> _What is expected_
Could you copy exactly the lines below, beginning at the line with "Kozaki damskie z" and stopping after the line with "Termes de recherche", with no pictures?

> _Supplied information_
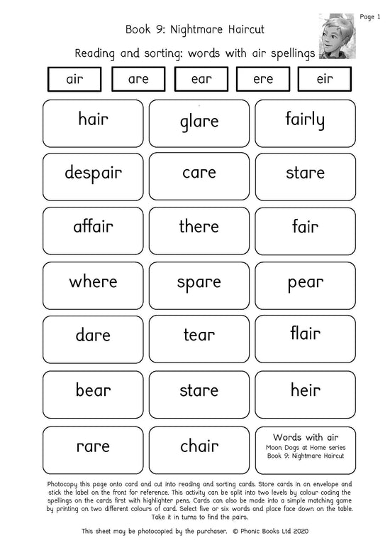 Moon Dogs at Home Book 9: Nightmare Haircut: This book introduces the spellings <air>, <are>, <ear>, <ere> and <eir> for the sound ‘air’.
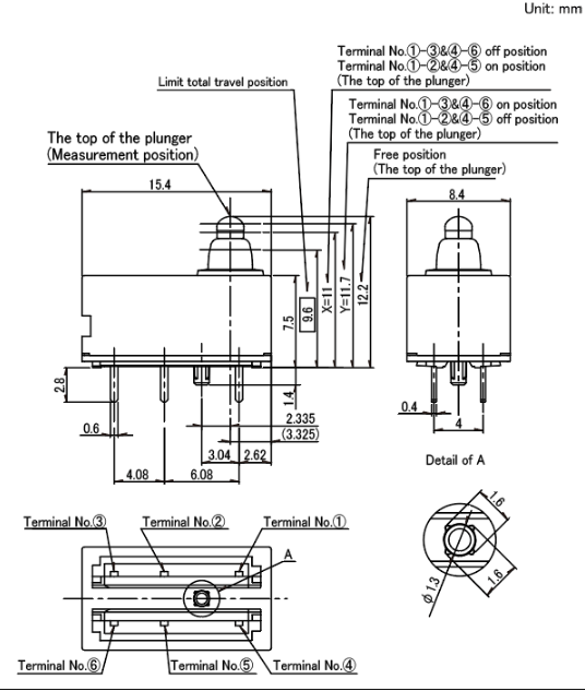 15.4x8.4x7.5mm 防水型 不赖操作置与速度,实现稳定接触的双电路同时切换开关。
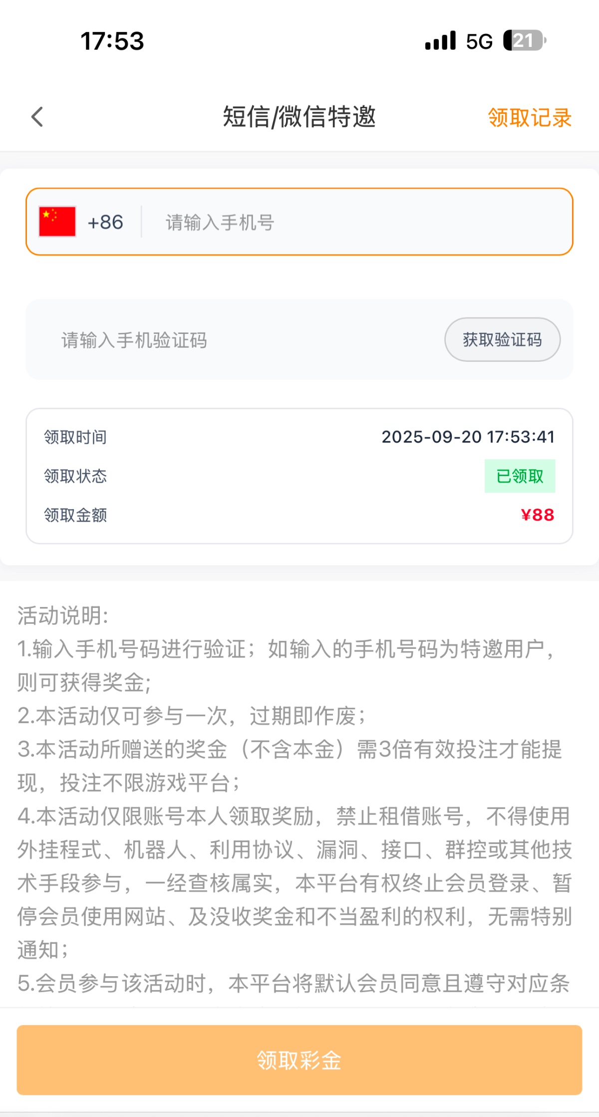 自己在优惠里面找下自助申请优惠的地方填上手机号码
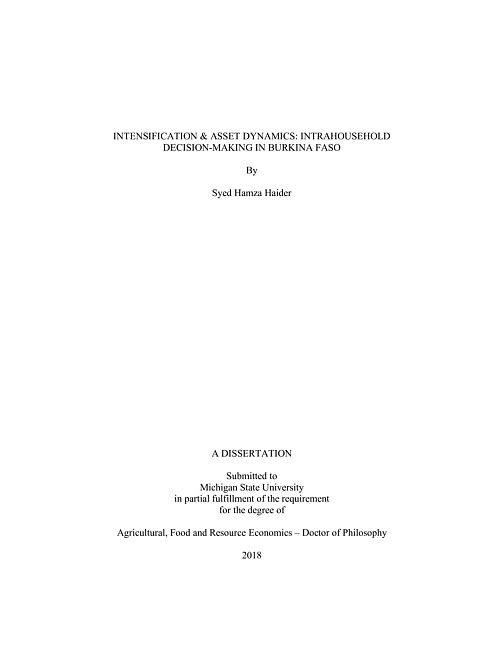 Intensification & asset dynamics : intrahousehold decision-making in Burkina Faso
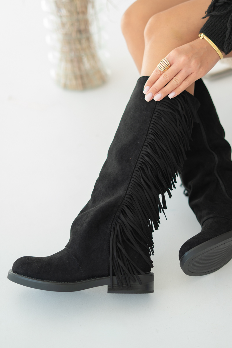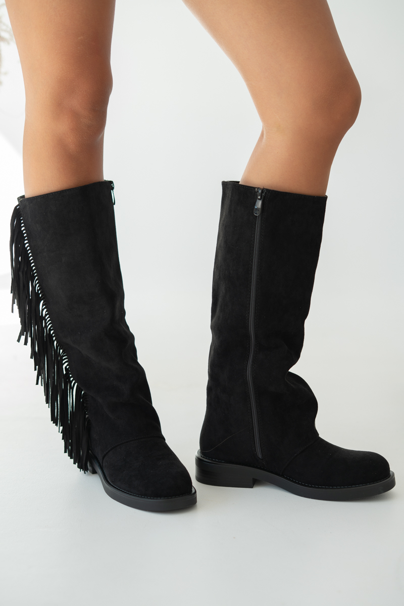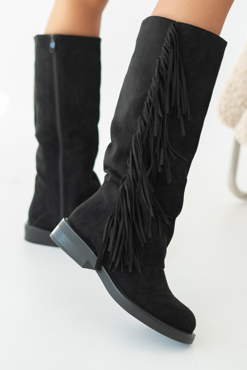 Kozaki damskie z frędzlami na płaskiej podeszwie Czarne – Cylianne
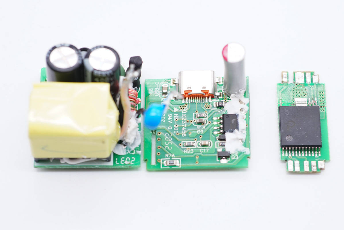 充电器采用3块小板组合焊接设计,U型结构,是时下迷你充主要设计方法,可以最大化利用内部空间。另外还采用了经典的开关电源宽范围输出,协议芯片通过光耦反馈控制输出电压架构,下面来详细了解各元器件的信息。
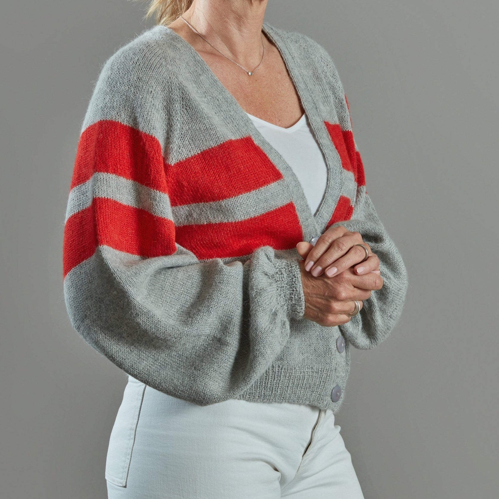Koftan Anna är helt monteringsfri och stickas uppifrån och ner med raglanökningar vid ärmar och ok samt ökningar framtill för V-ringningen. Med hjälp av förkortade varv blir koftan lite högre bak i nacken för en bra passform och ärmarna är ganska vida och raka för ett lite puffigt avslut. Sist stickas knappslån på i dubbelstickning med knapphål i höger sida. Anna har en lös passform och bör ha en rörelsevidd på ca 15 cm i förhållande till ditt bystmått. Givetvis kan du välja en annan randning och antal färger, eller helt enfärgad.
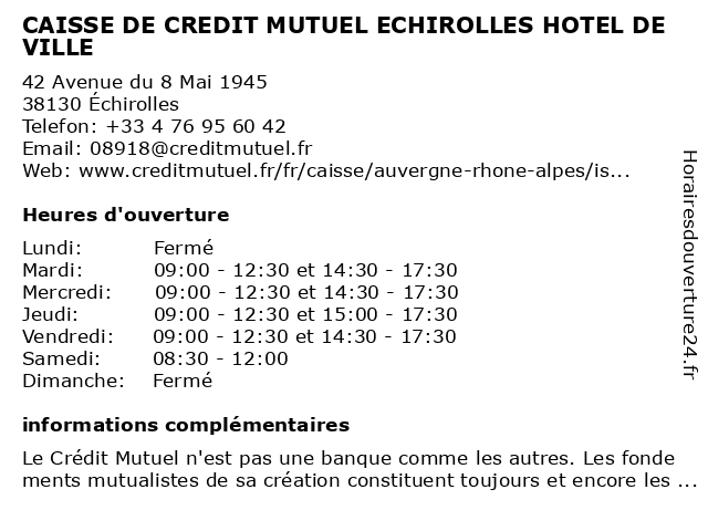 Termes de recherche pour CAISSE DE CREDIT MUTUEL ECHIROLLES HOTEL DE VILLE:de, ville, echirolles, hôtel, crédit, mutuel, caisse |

---

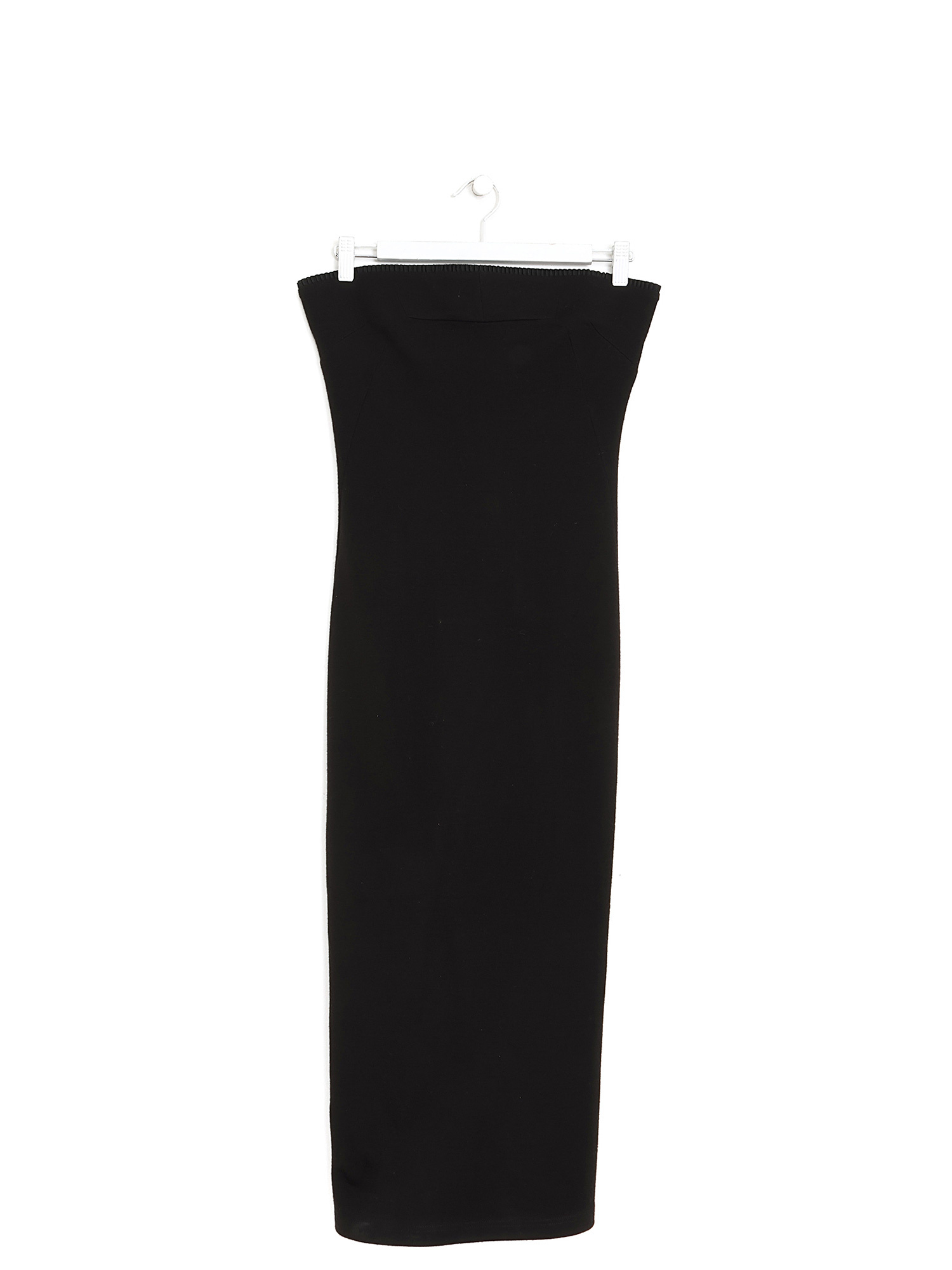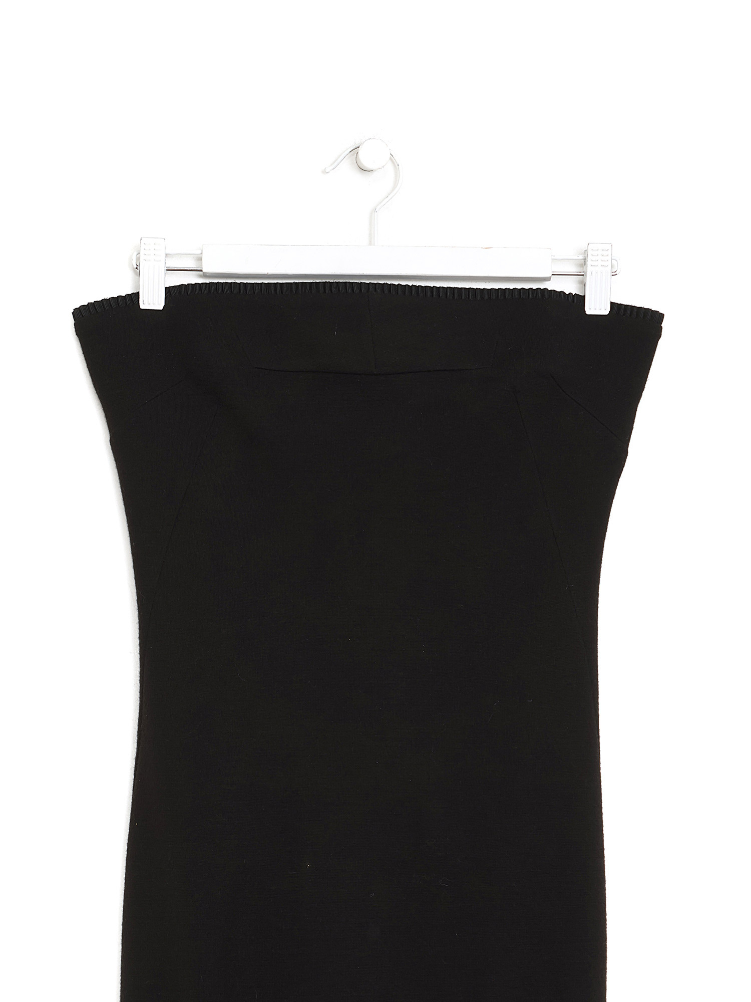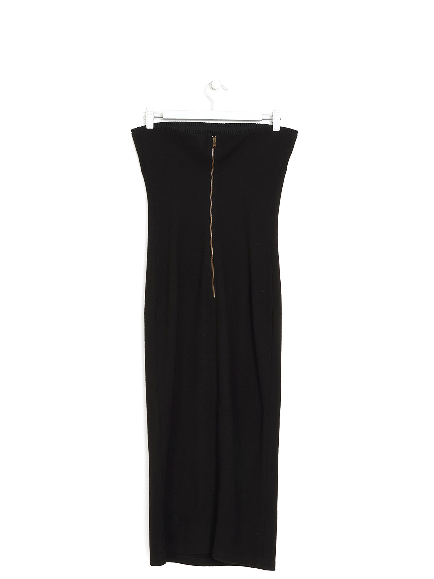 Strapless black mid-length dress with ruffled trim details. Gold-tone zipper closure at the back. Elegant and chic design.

> _Written reply_
 Kozaki damskie z frędzlami na płaskiej podeszwie Czarne – Cylianne
 充电器采用3块小板组合焊接设计,U型结构,是时下迷你充主要设计方法,可以最大化利用内部空间。另外还采用了经典的开关电源宽范围输出,协议芯片通过光耦反馈控制输出电压架构,下面来详细了解各元器件的信息。
Koftan Anna är helt monteringsfri och stickas uppifrån och ner med raglanökningar vid ärmar och ok samt ökningar framtill för V-ringningen. Med hjälp av förkortade varv blir koftan lite högre bak i nacken för en bra passform och ärmarna är ganska vida och raka för ett lite puffigt avslut. Sist stickas knappslån på i dubbelstickning med knapphål i höger sida. Anna har en lös passform och bör ha en rörelsevidd på ca 15 cm i förhållande till ditt bystmått. Givetvis kan du välja en annan randning och antal färger, eller helt enfärgad.
 Termes de recherche pour CAISSE DE CREDIT MUTUEL ECHIROLLES HOTEL DE VILLE:de, ville, echirolles, hôtel, crédit, mutuel, caisse |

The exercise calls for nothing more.